You can use the shift-invert spectral transform [1] and compute the spectrum band by band.
The technique is also explained in my article [2]. Besides the implementation in [1], an implementation is available in C++ in my Graphite software [3] (update Jan 17: now everything is ported to geogram/graphite version 3), that I used to compute the eigenfunctions of the Laplace operator for meshes with up to 1 million vertices (a problem that is similar to yours).
How it works:
The idea is that if $A$ is invertible, then if $(V,\lambda)$ is an eigenpair of $A$, $(V, 1/\lambda)$ is an eigenpair of $A^{-1}$. The iterative method in ARPACK is very efficient for computing the large eigenvalues (high frequencies), but much less efficient for the small ones (small frequencies). Thus, when one needs to compute small frequencies, it is a good idea to replace $A$ with $A^{-1}$. Now, since ARPACK just needs to compute matrix-vector products, it is not necessary to really invert $A$: one can instead factor it (using for instance a sparse LU or sparse $LL^t$ factorization), then solve $Ax=b$ whenever ARPACK asks for a matrix-vector product.

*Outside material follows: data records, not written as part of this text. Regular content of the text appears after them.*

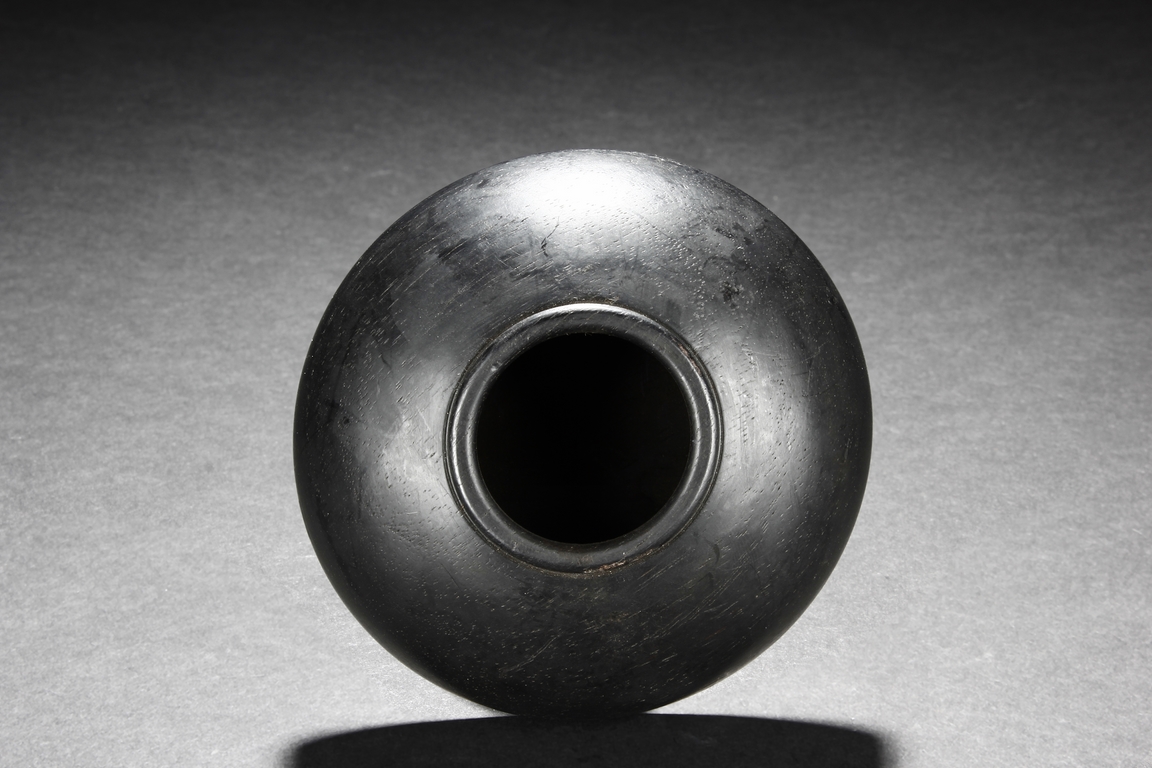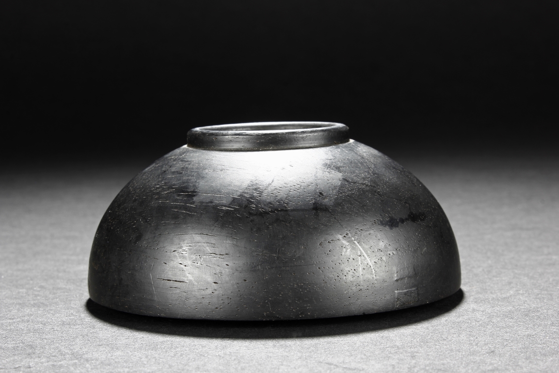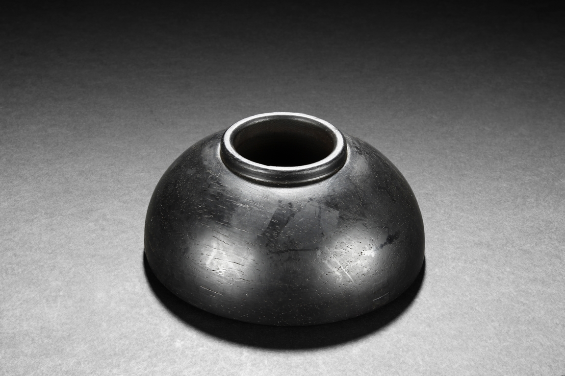 The water-pot is modelled with domed rim of circular opening, it raising from a circular foot ring, the exterior is of natural zitan wood black tone and grains throughout.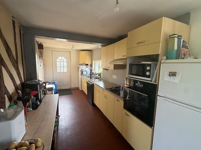 - Au rez-de-chaussée :salle à manger, autre salle-salon avec poêle à bois, cuisine aménagée et équipée, buanderie et wc, salle de bains, chambre ou bureau.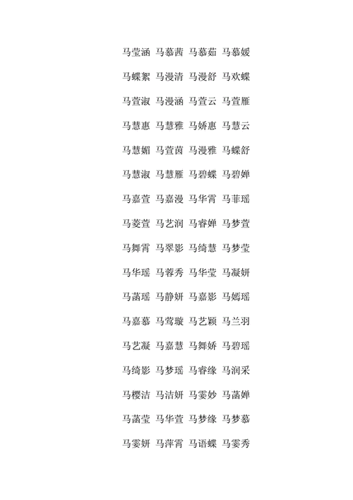1、马馨娅、马蓝子、马诺初、马婉彤、马儿瑶、马琪熙、马亦语、马芳娅、马亭昕、马乐念、马媛虹、马婉婉、马黛柏、马真燕、马韵妍、马桐语、马亦舒、马舞云、马双迎、马艺璐、马庆君、马亭琳、马冰韵、马瑛葵、马雅艳、马玉舒。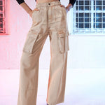 Women Beige Box Pocket Cargo Jeans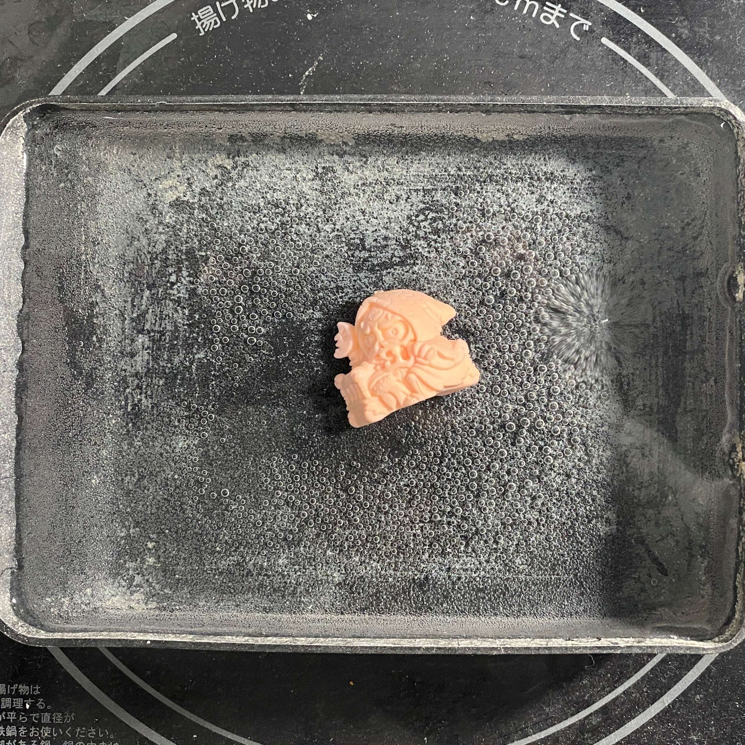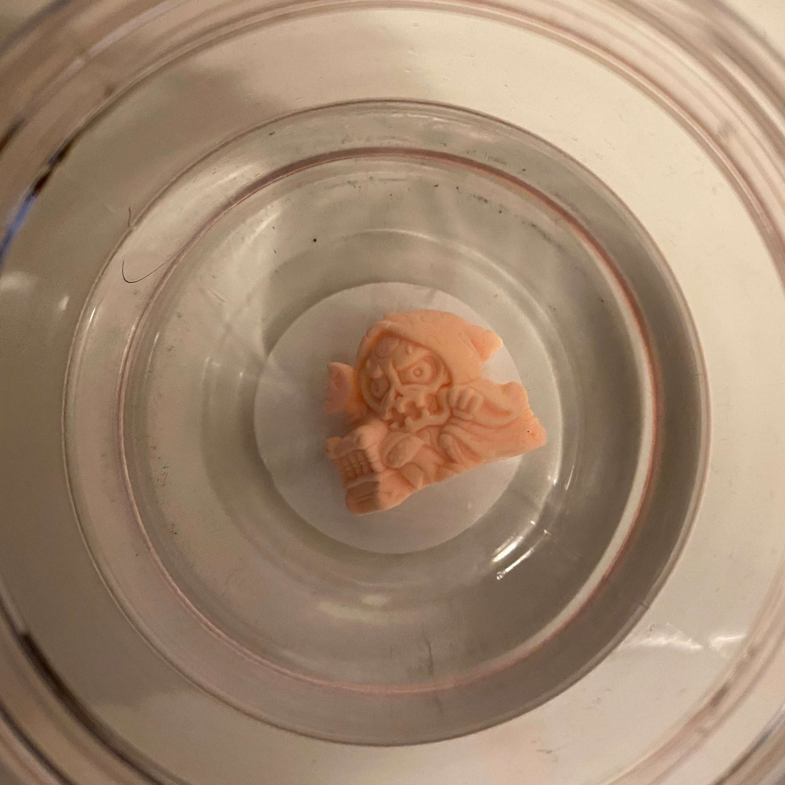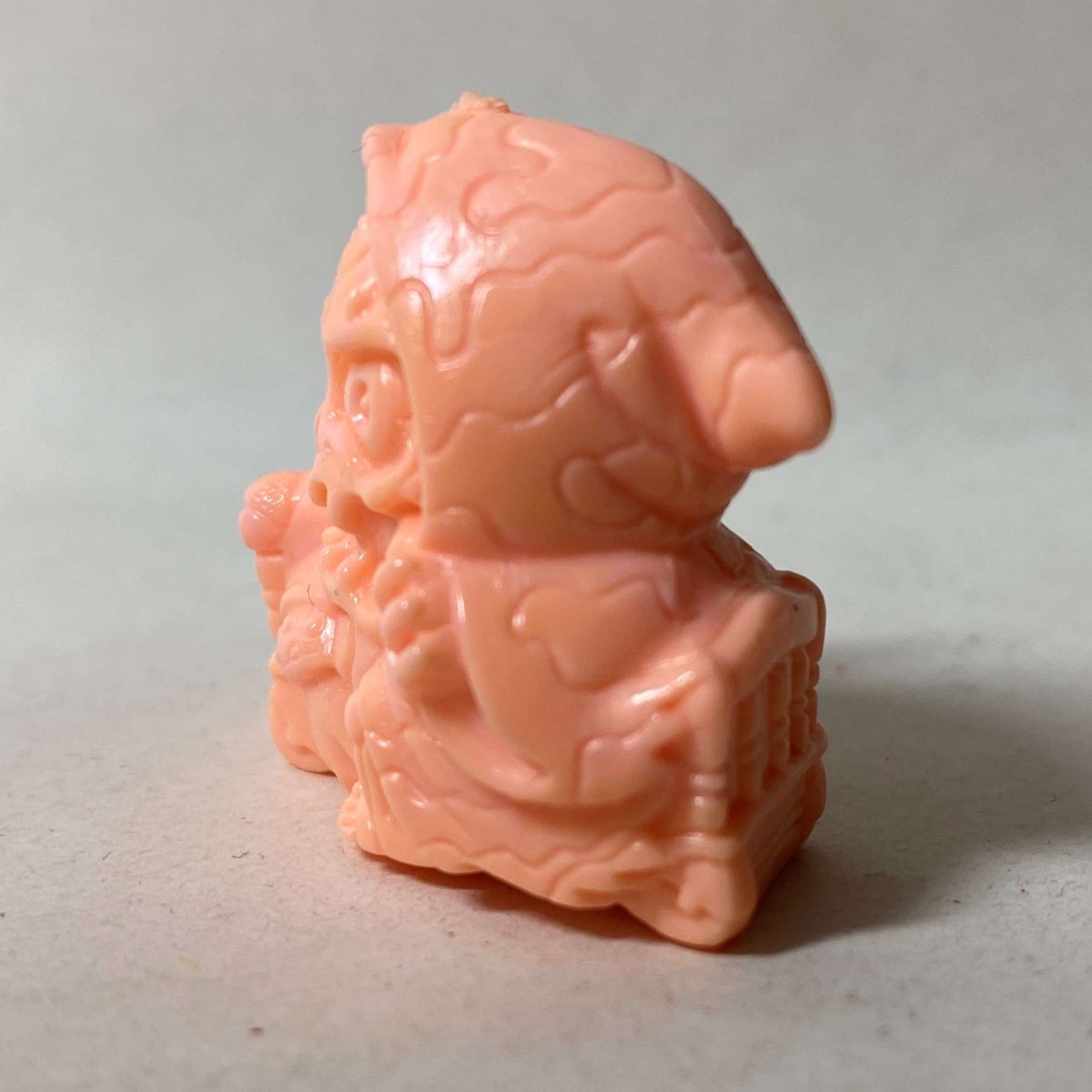 素体はペールオレンジ成形で、高さ約3cmほど。経年による汚れはあるものの、キズの少ない良好なコンディションでした。造形は非常に細かく、シールやパッケージだけでは判別しづらいディテールも多いのが特徴です。

This is the "invert" transform. Now when the number of eigenvalues becomes large, ARPACK becomes to be slow, but there is another trick/transform that can be used, and one computes the eigenvalues of $A - \sigma Id$ where $\sigma$ is a "shift" that determines which part of the spectrum is explored (this is the "shift" transform). Combining both transforms, one computes a certain number of eigenvalues of $(A-\sigma Id)^{-1}$, and then explores the whole spectrum band-by-band, by increasing $\sigma$. The details are in [1],[2].